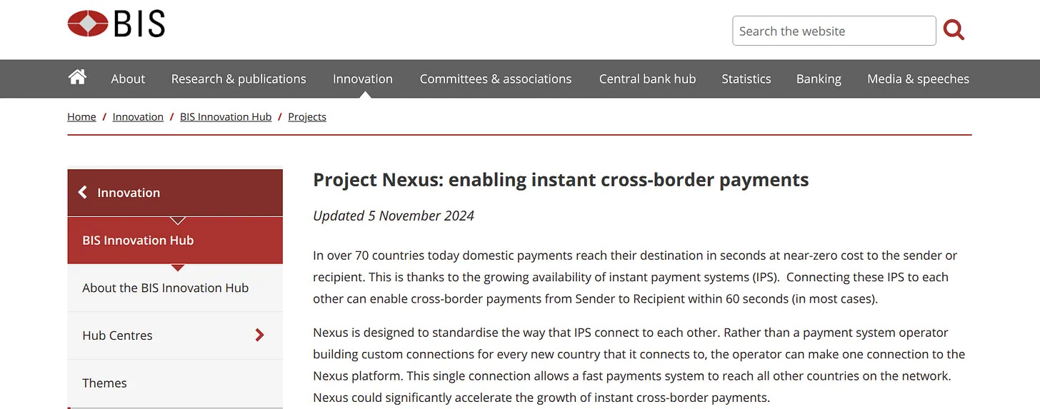 Το Nexus συνδέει τα υφιστάμενα εγχώρια συστήματα ταχείας πληρωμής (FPS) και τα δίκτυα ακαθάριστου διακανονισμού σε πραγματικό χρόνο (RTGS) (όπως το UPI της Ινδίας, το FAST της Σιγκαπούρης ή το TIPS της ΕΕ), επιτρέποντας τις διασυνοριακές πληρωμές λιανικής χωρίς να απαιτείται πλήρης ανάπτυξη CBDC. Χρησιμεύει ως μεταβατική υποδομή, προετοιμάζοντας τα παλαιά συστήματα για ενδεχόμενη σύγκλιση με προγραμματιζόμενες πλατφόρμες χρηματοδότησης όπως το mBridge.
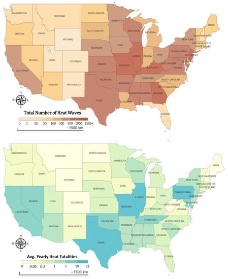 Heat waves are the deadliest type of natural hazard among all weather extremes in the United States (USA). Every year, more than 1000 heat events occur, causing an average of 131 direct heat fatalities during the last twenty years. However, excess heat exposure contributes to a far greater number of deaths, directly and indirectly—658 deaths per year on average during the years 1999–2009 according to National Center for Health Statistics (NCHS) [1]. The risk of extreme heat has been elevated in many regions of the world including the USA as extreme weather phenomena is increasing in both frequency and magnitude under global climate change [2,3]. The observed and predicted shifts in the variability and intensity of weather extremes that are driven by climate change, such as heat waves, flooding, droughts, and tornadoes have been discussed in many scientific studies [4,5,6,7]. With regard to heat events, [4] and [6] predict that future heat waves in North America will occur more frequently with greater intensity and longer duration. [8] estimates that extreme temperatures due to climate change will result in a loss of 1.3 million life-years annually in the USA by the end of 21st century.
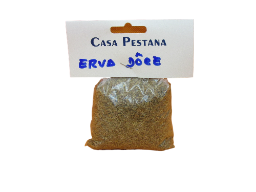 Pacote de erva doce da Casa Pestana com etiqueta branca e texto azul
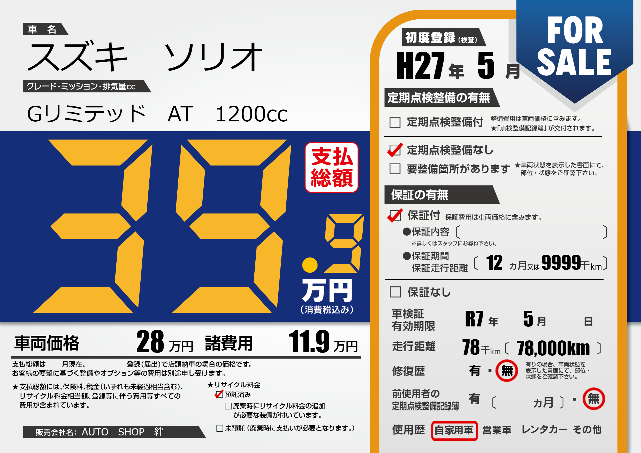 | 車名 | スズキ ソリオ | グレード ミッション 排気量 |
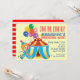 A circus tent and clown invitation that is sure to please. Bright colours and playful design make a perfect circus theme.
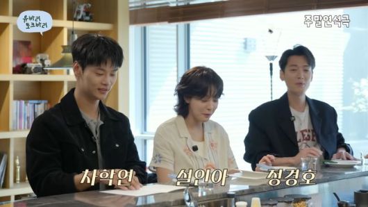 정경호는 설인아에 대해 “설인아는 조정석 같은 스타일이다. 가진 게 많다. 달란트가 많아서 쉽게 되게 많이 안다. 조정석이 수많은 대사를 외워오지 않지 않냐”라고 말했다. 유연석은 “맞다. 우리는 발악 발악 하는데”라며 “(조정석이) 스케줄을 잘못 보고 온 적이 있다. 안 외우고 와서 10분만 시간 달라고 하더니 패드를 보고 바로 하더라. 정경호는 3일 필사를 했는데”라고 폭로해 웃음을 자아냈다. 정경호는 “(설인아가) 그런 스타일이다. 감각적이고 살아있는 걸 좋아한다”고 말했다.

+--

# What needs to be done
Copy exactly the lines that run from the line containing "Pacote de erva" to the end of the data, keeping both end lines and dropping every picture.

# Task output
 Pacote de erva doce da Casa Pestana com etiqueta branca e texto azul
 | 車名 | スズキ ソリオ | グレード ミッション 排気量 |
 A circus tent and clown invitation that is sure to please. Bright colours and playful design make a perfect circus theme.
 정경호는 설인아에 대해 “설인아는 조정석 같은 스타일이다. 가진 게 많다. 달란트가 많아서 쉽게 되게 많이 안다. 조정석이 수많은 대사를 외워오지 않지 않냐”라고 말했다. 유연석은 “맞다. 우리는 발악 발악 하는데”라며 “(조정석이) 스케줄을 잘못 보고 온 적이 있다. 안 외우고 와서 10분만 시간 달라고 하더니 패드를 보고 바로 하더라. 정경호는 3일 필사를 했는데”라고 폭로해 웃음을 자아냈다. 정경호는 “(설인아가) 그런 스타일이다. 감각적이고 살아있는 걸 좋아한다”고 말했다.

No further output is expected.